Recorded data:
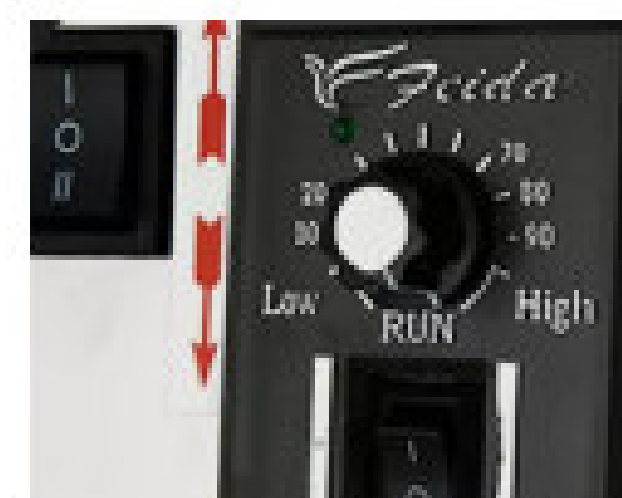
Two stuffing speeds

High-quality stainless steel frame and filling tubes.
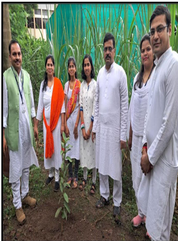
Tree plantation drive for celebrating the 75th Years of Independence as "Azadika Amrit Mahotsav" as initiative by IETE Pune Local Center
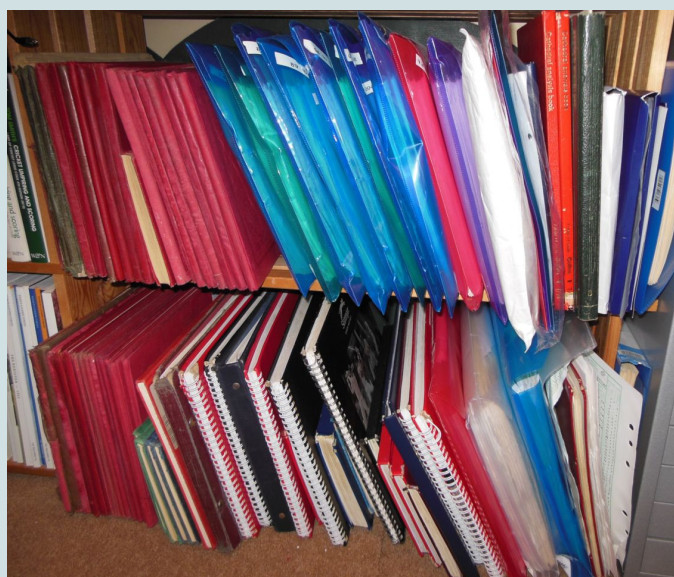
The raw data
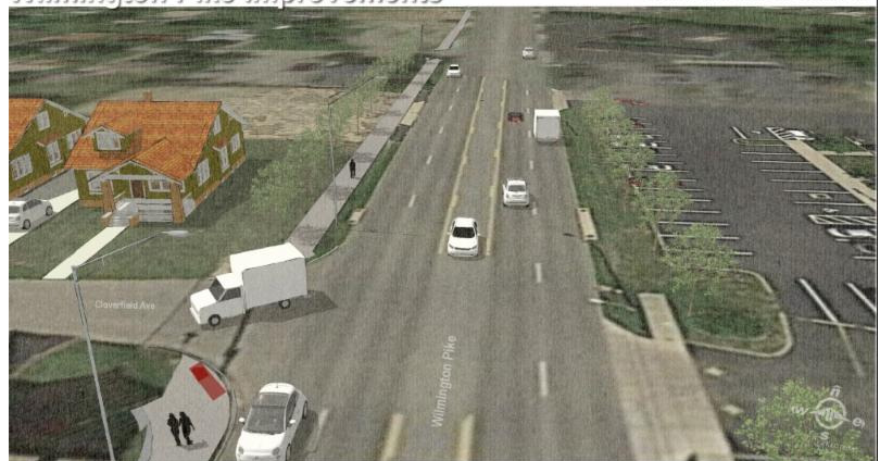
Looking north from Cloverfield Ave

Reinvestment toward improvements in our infrastructure remains an area of emphasis for Kettering City Council. The 2017 Kettering capital improvement fund budget is $17.5 million, $2.2 million of which is covered through outside funding. The City of Kettering Engineering Department will be very active in 2017 with construction projects throughout Kettering.
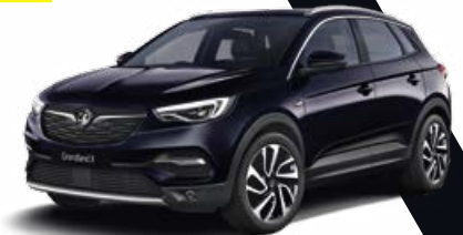
Amethyst Purple – Two-coat Premium
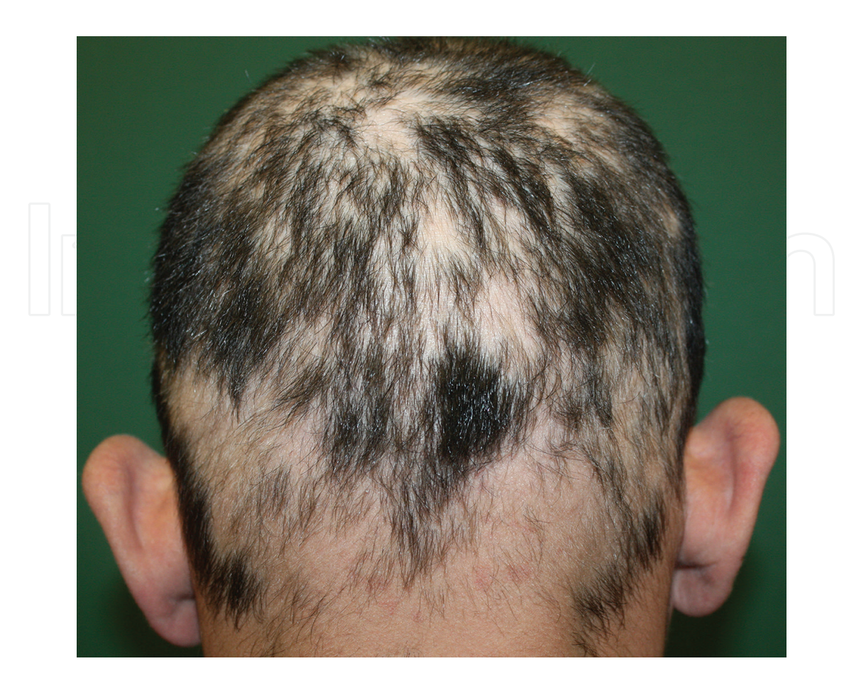
Figure 3. Reticular type alopecia areata with a net-like pattern.
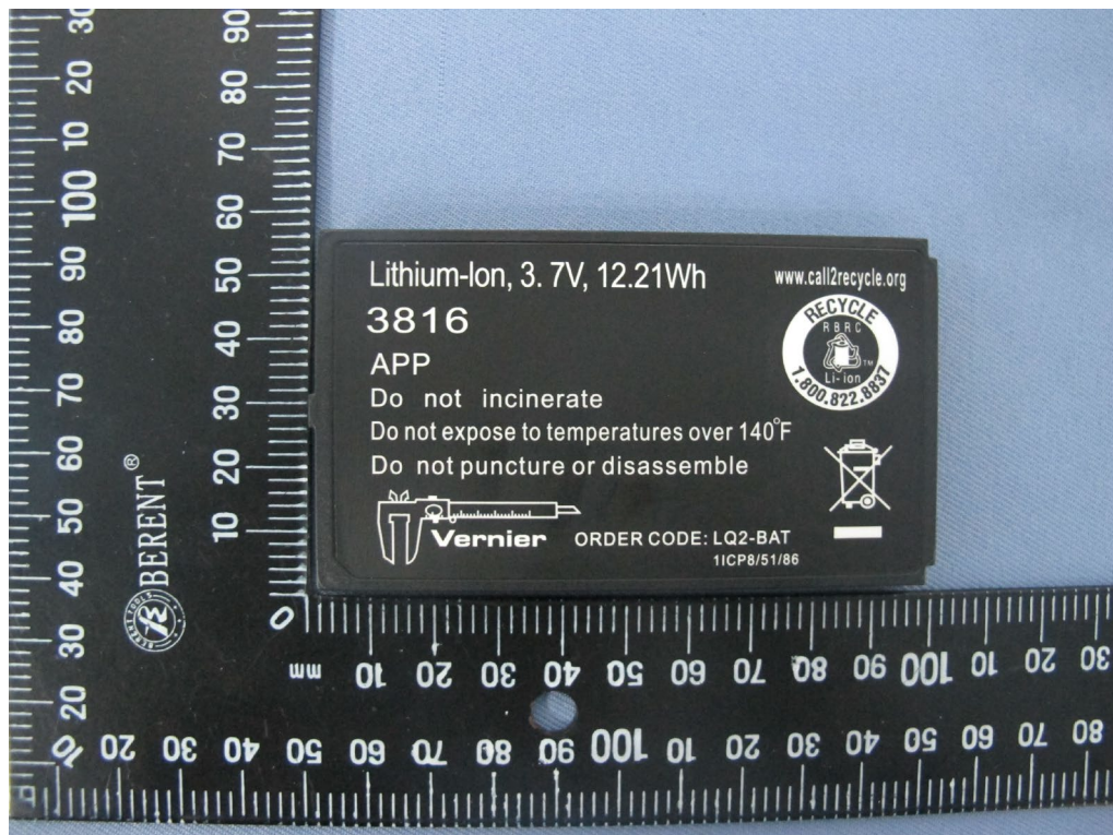
Figure 1 Overall view I of battery (外观图I)
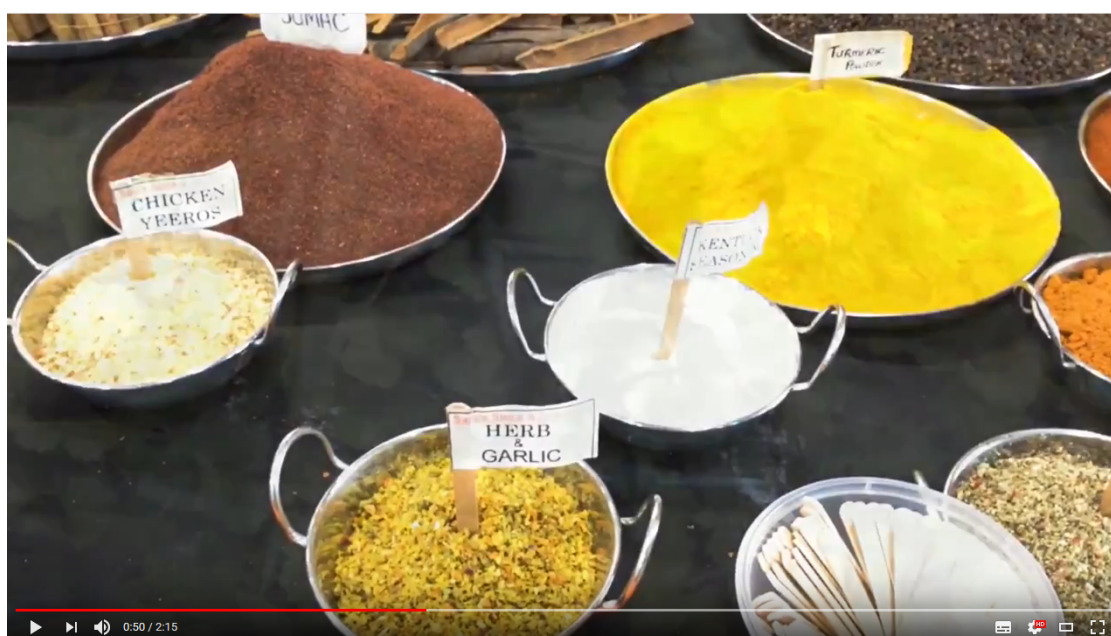
Figure 4: A screenshot from a participant's digital story hosted on YouTube.

The participant's digital stories fell within the traditional digital story format. The traditional format is digital stories a few minutes long, co-created in facilitated workshops in which participants are supported to create narratives that describe some aspect of their individual life experiences. However, despite the similarities in style, they each convey unique and personal stories. Traditionally digital stories are filmed with video cameras and edited on computers. While the storyboards were generated within the workshop, the digital stories were created using readily-available mobile technologies primarily within and outside structured workshop hours, edited using a free on-line app, and supported through online social media engagement.

* TASK *
Write out every entry exactly. Pictures do not belong in the copy.

* RESPONSE AREA *
Two stuffing speeds

High-quality stainless steel frame and filling tubes.
Tree plantation drive for celebrating the 75th Years of Independence as "Azadika Amrit Mahotsav" as initiative by IETE Pune Local Center
The raw data
Looking north from Cloverfield Ave

Reinvestment toward improvements in our infrastructure remains an area of emphasis for Kettering City Council. The 2017 Kettering capital improvement fund budget is $17.5 million, $2.2 million of which is covered through outside funding. The City of Kettering Engineering Department will be very active in 2017 with construction projects throughout Kettering.
Amethyst Purple – Two-coat Premium
Figure 3. Reticular type alopecia areata with a net-like pattern.
Figure 1 Overall view I of battery (外观图I)
Figure 4: A screenshot from a participant's digital story hosted on YouTube.

The participant's digital stories fell within the traditional digital story format. The traditional format is digital stories a few minutes long, co-created in facilitated workshops in which participants are supported to create narratives that describe some aspect of their individual life experiences. However, despite the similarities in style, they each convey unique and personal stories. Traditionally digital stories are filmed with video cameras and edited on computers. While the storyboards were generated within the workshop, the digital stories were created using readily-available mobile technologies primarily within and outside structured workshop hours, edited using a free on-line app, and supported through online social media engagement.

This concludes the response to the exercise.